In all my childish capacity, I wished to wake the next morning different. But my impossible wish never came to fruition, because it was in fact, impossible. Impossible for one to change her skin color.
I am the “white sheep” of my family. My brown eyes are the only visible trait I share with my dad, and that makes me sad. If you are Japanese-American then you have brown eyes and brown skin, right? Not in my case. I remember kids at school calling me a liar when I told them I was Japanese. Teachers, employers, and restaurant hostesses constantly added an apostrophe to my last name, making me even further from whom I wanted to be.
Being a Japanese-American, with white skin, makes me feel incomplete.

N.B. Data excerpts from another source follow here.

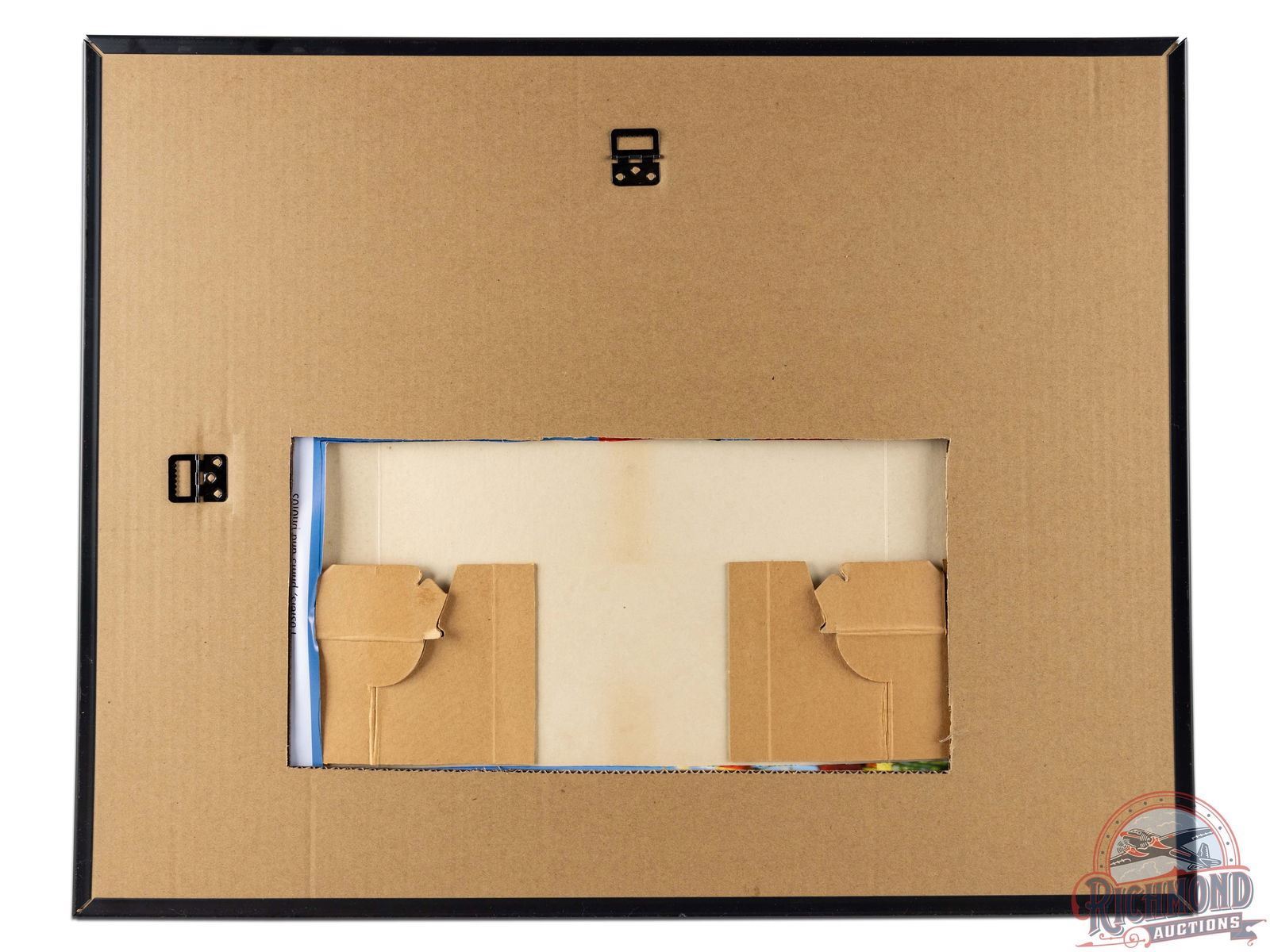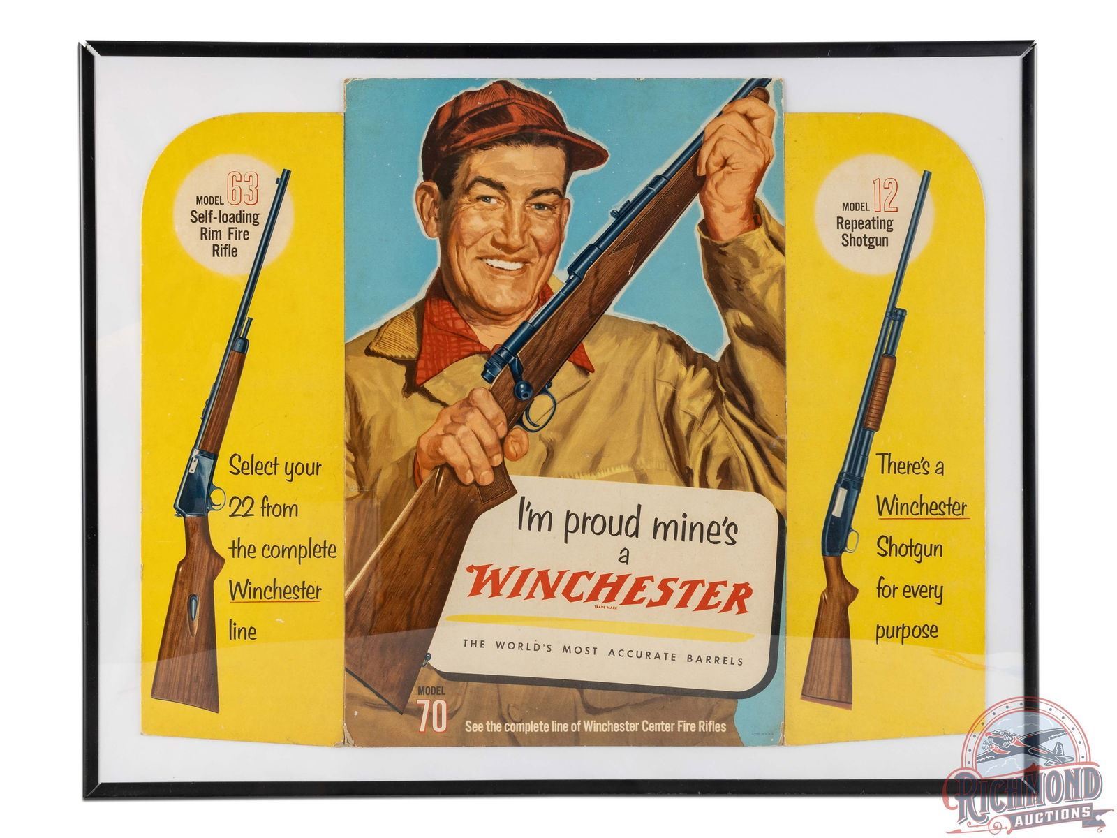 Nice easel back folding cardboard counter sign advertising the Model 63, Model 70 and Model 12. Presents with excellent color, mild corner/edge wear, general surface wear and one slight crease in the top left corner of the center panel. Secured in a new frame with acrylic cover. Marked Litho in USA. 19.75" H x 25" W.
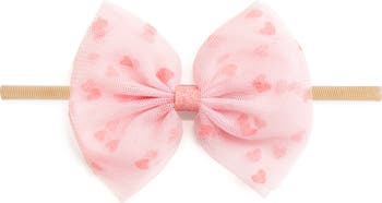 This pink tulle baby headband topped with a flocked heart bow is the sweetest finishing touch for your little Valentine!
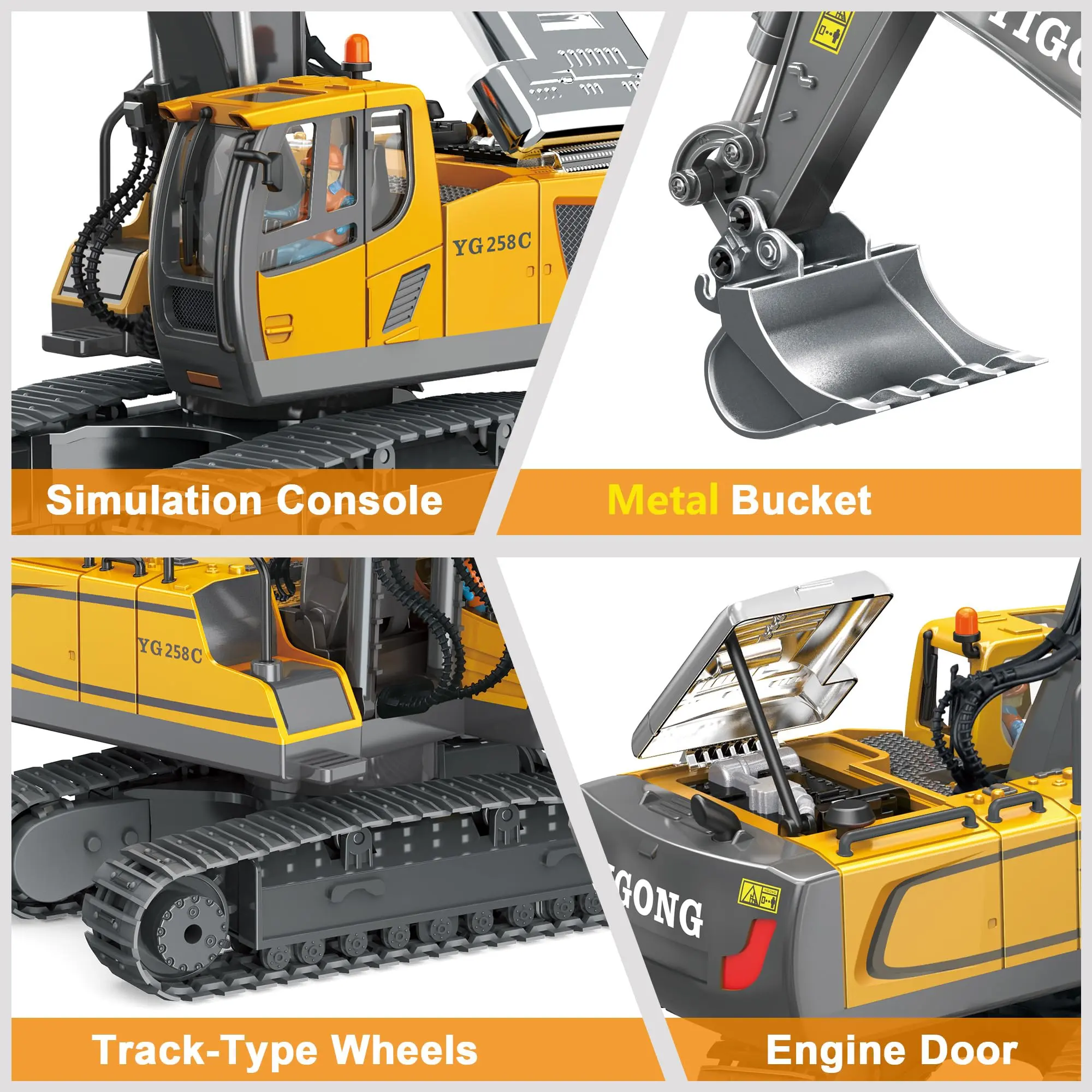 The excavator offers in-situ 360° and cab 680° rotation for versatile gameplay. It features a 2.4 GHz frequency for superior control, making operation simple and preventing confusion. Kids can play with multiple RC vehicles together, enhancing their experience.
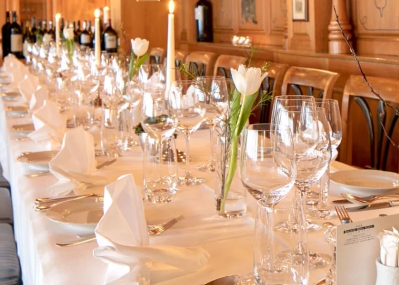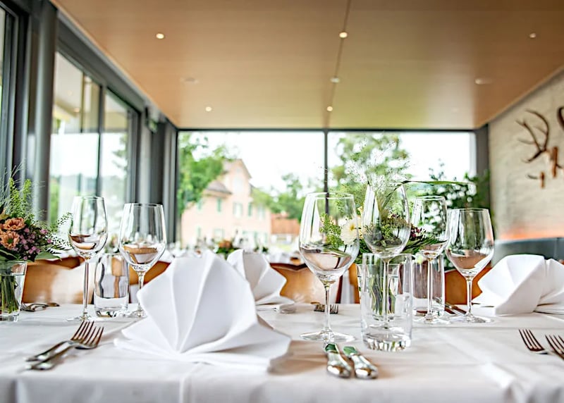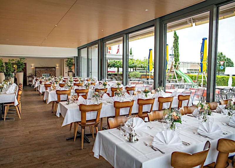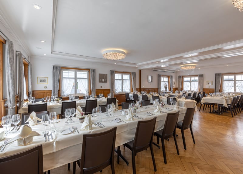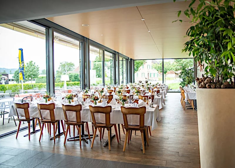 • Durchschnittliche Kosten: Rechnet mit Kosten zwischen CHF 200 und CHF 450+ pro Gast für ein Hochzeitspaket. Dieses beinhaltet meist den Apéro, ein 3- bis 4-Gänge-Menü, eine Getränkepauschale und die Miete des Raumes.
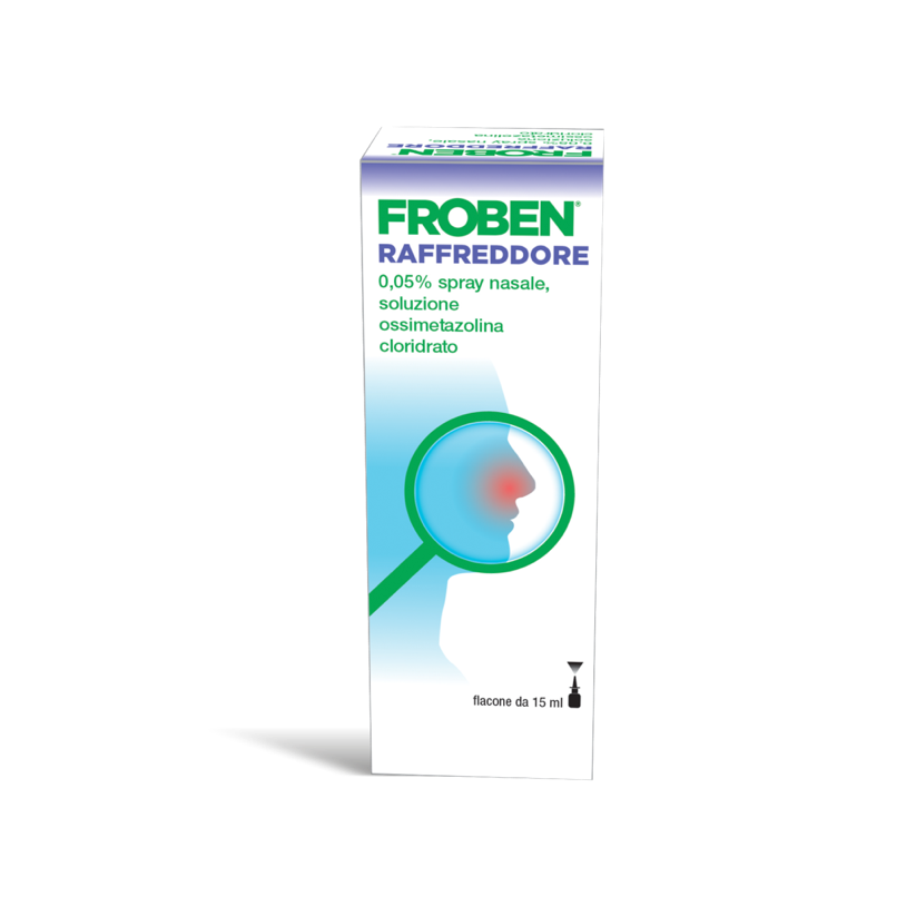 FROBEN® Raffreddore, un medicinale per uso nasale, determina un prolungato sollievo dall’ostruzione nasale, in caso di raffreddore, in quanto agisce restringendo i vasi sanguigni della mucosa del naso (decongestionante nasale).
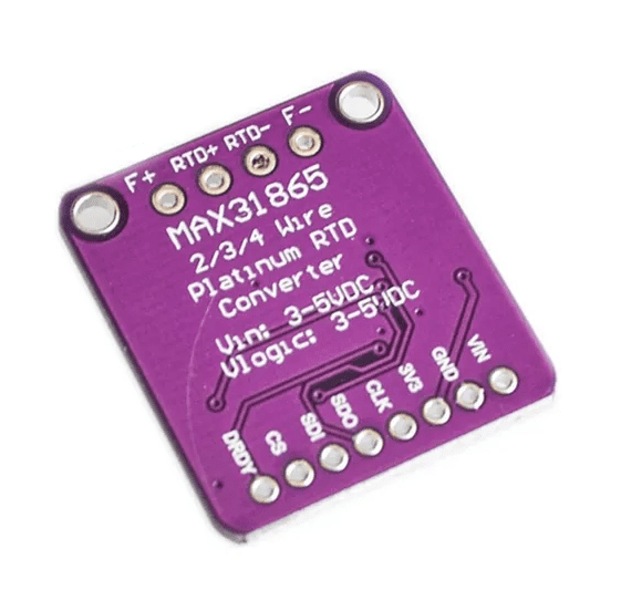 El MAX31865 maneja todas las necesidades de un RTD, e incluso puede compensar RTDs de 3 o 4 hilos para una mayor precisión. Puede conectar a él cualquier microcontrolador con protocolo SPI y leer la relación de resistencia del ADC interno. Ponemos una resistencia de 4300Ω 0,1% como una resistencia de referencia en la ruptura.
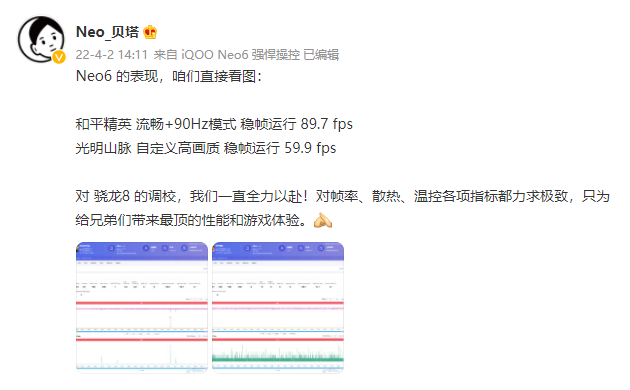 今天,iQOO Neo产品经理 @Neo_贝塔 晒出两张 Perfdog 测试截图,并认领了安兔兔官微抓取的 1065001 跑分 ,显示即将发布的 iQOO Neo6 将会有亮眼游戏稳帧表现的同时,保持高水平跑分。
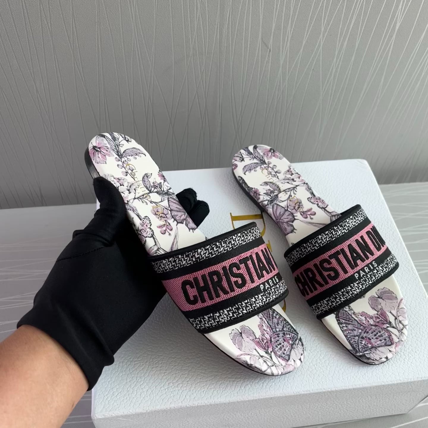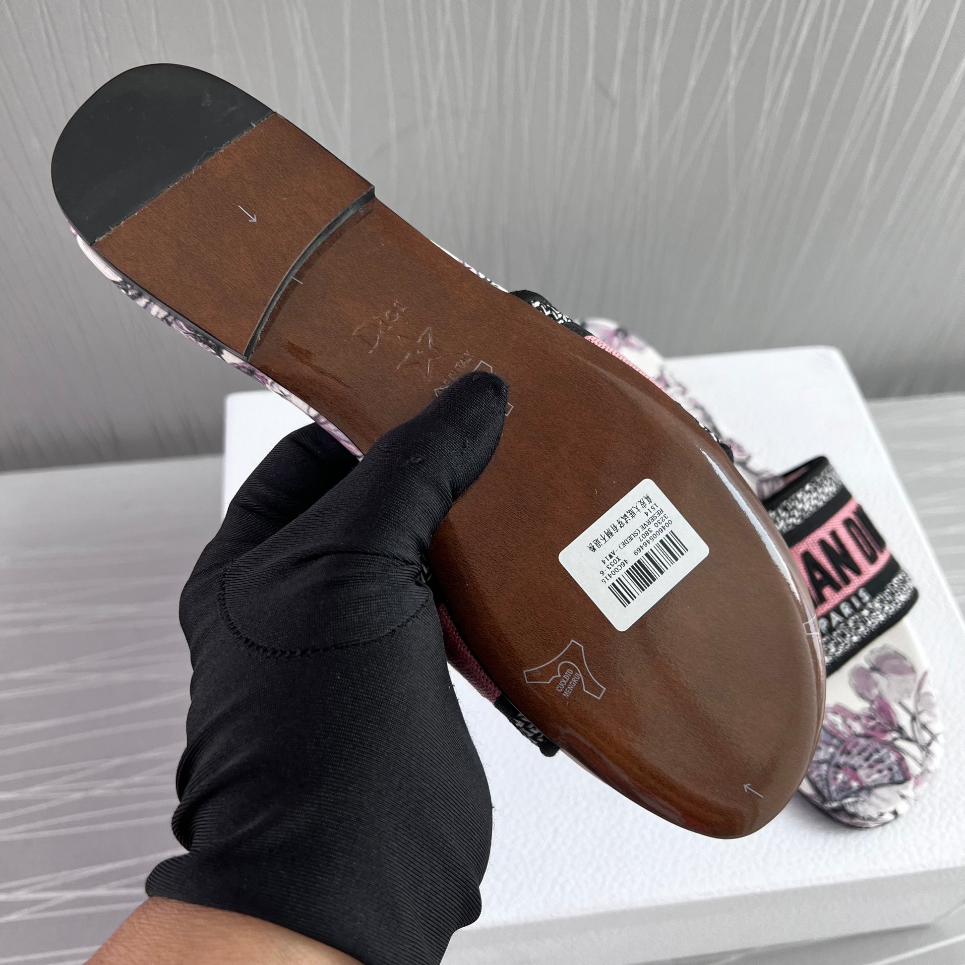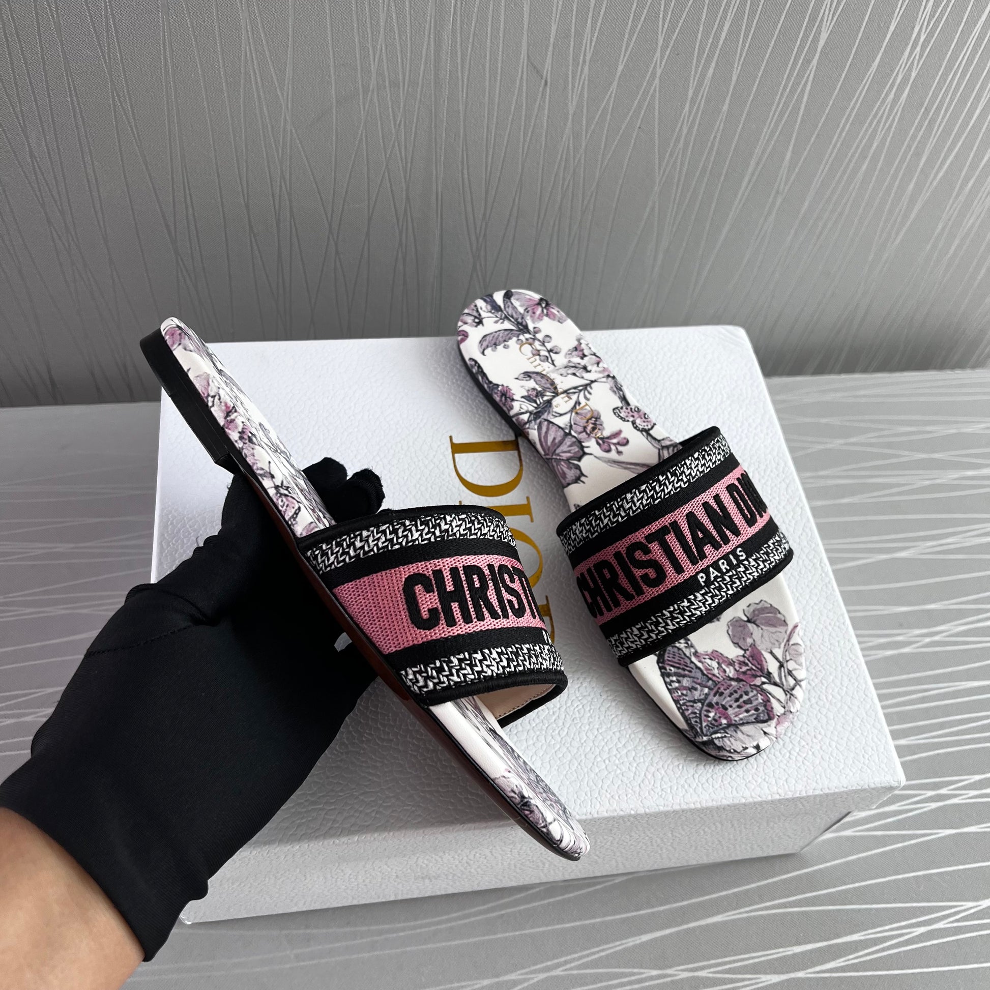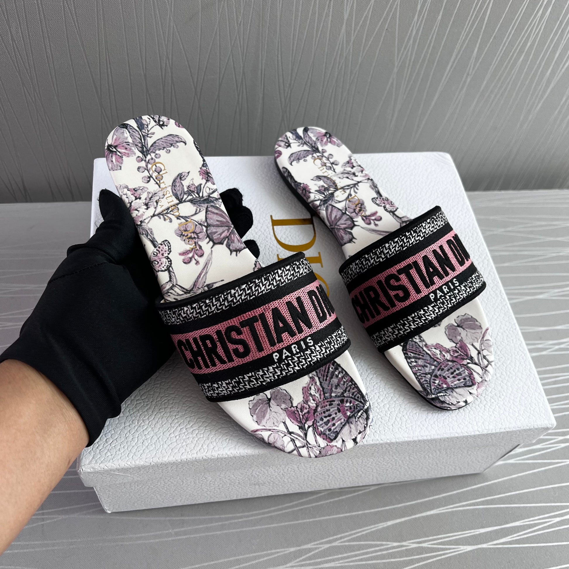 Sandalias en tela bordada en color rosa con flores color lila, incluye caja.

I know Japanese-American culture, I grew up in it and am raising my son in it. I learned the appropriate way to make onigiri, cut kamaboko, and save the best two mochi and leafed orange for the Kagami Mochi.
Obviously, there is more to our culture than food, but the kitchen is where I grew up and did most of my learning. Garnishing each dish so it presented as “too pretty to eat” was simply expected. I remember washing, cutting, and placing individual parsley leaves until they perfectly surrounded a large platter of amazing tasting meat. Nothing left the kitchen without proper presentation because the external impression is a powerful one.
I am physically unable to make the external impression of my culture. So, I held tight to the only thing that identifies me as Japanese-American, my last name. I kept it through two marriages and passed it on to my son. I hope he is as proud of it as I am.